A fast single-header work-stealing queue template written in modern C++17

# How to Use

A work-stealing queue enables one thread (queue owner) to
push/pop items into/from one end of the queue,
and multiple threads (thieves) to steal items from the other end.
The following example
shows the basic use of [wsq.hpp](wsq.hpp).

```cpp
// work-stealing queue of integer numbers
WorkStealingQueue queue;

// only one thread can push and pop items from one end
std::thread owner([&] () {
for(int i=0; i<100000000; i=i+1) {
queue.push(i);
}
while(!queue.empty()) {
std::optional item = queue.pop();
}
});

// multiple threads can steal items from the other end
std::thread thief([&] () {
while(!queue.empty()) {
std::optional item = queue.steal();
}
});

owner.join();
thief.join();
```

The library is a single header file.
Simply compile your source with include path to [wsq.hpp](wsq.hpp).

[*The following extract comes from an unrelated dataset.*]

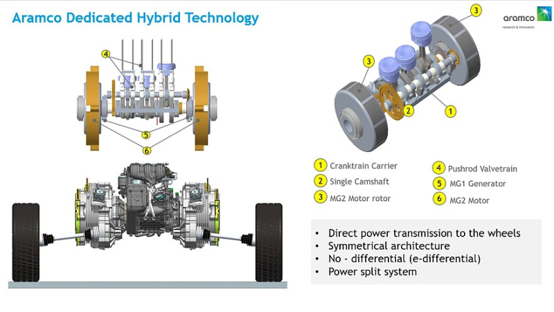 Нефтехимическая компания Aramco из Саудовской Аравии разработала силами своего американского технического центра Aramco Americas в Детройте инновационную гибридную силовую установку DHE (Dedicated Hybrid Engine) c высокоэффективным двигателем внутреннего сгорания в основе. Главные преимущества системы Aramco DHE — компактность (не нужны коробка передач и дифференциал), экономичность и малое количество деталей.
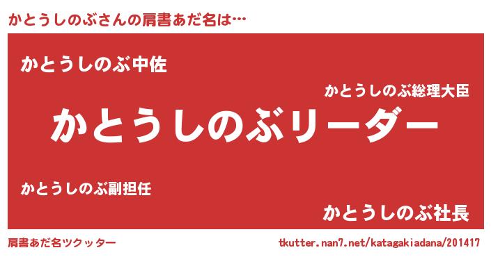 | 胡散臭い通販商品みたいなあだ名 | 『信頼と実績のペンダント…その名も「かとうしのぶ」』 |

# Compile Examples and Unittests

We use cmake to manage the package. We recommand using out-of-source build:

```bash
~$ mkdir build
~$ cd build
~$ cmake ..
~$ make & make test
```

# Technical Details

This library implements the work-stealing queue algorithm
described in the paper,
"[Correct and Efficient Work-Stealing for Weak Memory Models](references/ppopp13.pdf),"
published by Nhat Minh Lê,
Antoniu Pop, Albert Cohen, and Francesco Zappa Nardelli
at 2013 ACM Principles and Practice of Parallel Programming (PPoPP).

# Robustness

This library is part of the
[Cpp-Taskflow](https://github.com/cpp-taskflow/cpp-taskflow)
project.
It has experienced thousands of tests in both micro-benchmarks
and large-scale real-world parallel applications.